What are you working on? December 29, 2022

edited December 2022 in Your Current Projects

What I'm Working On

14 New Zettel in the Last 7 Days.

I whipped up this short dashboard practicing my python skills and thought I'd share it with you. I use something similar for reviewing note titles and summaries. Something I want to concentrate on more.

Titles and a one-sentence summary of atomic zettel. These are the ideas I'm currently wrestling with. They represent a 7-day window of new notes.
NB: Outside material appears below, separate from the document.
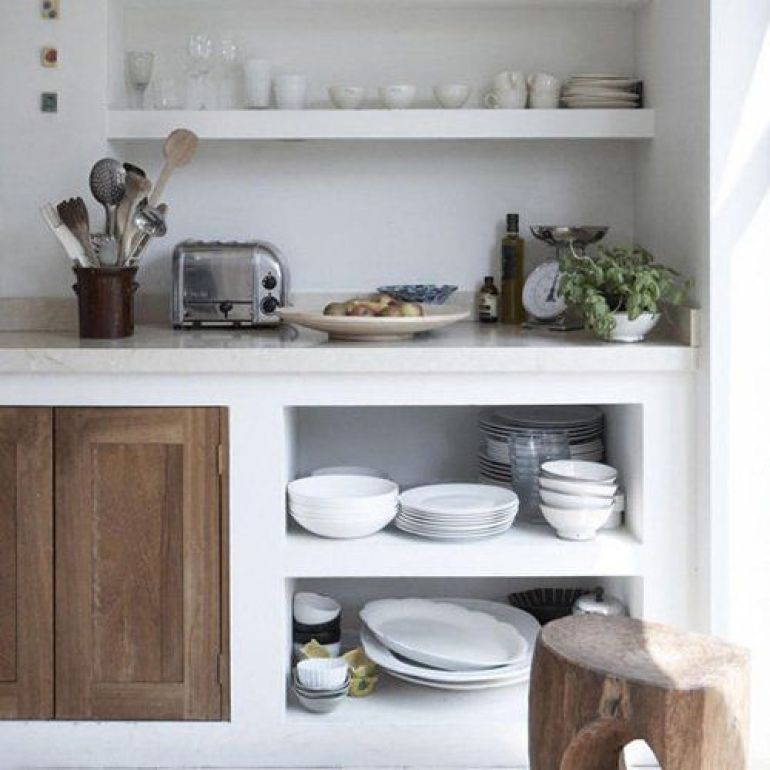 This is a simple but clever idea to keep your crockery and salad bowls close to both the kitchen and dining area. It looks great, and is super functional to boot.

This is generated with nothing held back. I would love to talk to you about anything on this list. If any of this is of interest to you, please start a thread here, DM me, or get in touch via email.


Hanlon's Razor
- Credit misunderstanding ahead of malice when interactions are contentious.

Occam's Razor
- Simpler explanations are more likely to be true than complicated ones.

Probabilistic Thinking
- This note is in a rough draft stage

Necessity and Sufficiencies Interaction
- A thing might be necessary but not sufficient for activation.

Second-Order Thinking
- This note is in a rough draft stage

textwrap, pprint, tempfile, webbrowser standard python modules
- Python Coding

How to Use ChatGPT and Still Be a Good Person
- AI and GPT ethics. Since we’re sprinting into an era where bullshit is easier to produce than ever, you might like to put more oomph into fact-checking from now on.

Git log commands
- Basic git help

ChatGPT empowers professionals
- AI works best at enabling professionals, not replacing them, allowing "professionals to be directors of their work."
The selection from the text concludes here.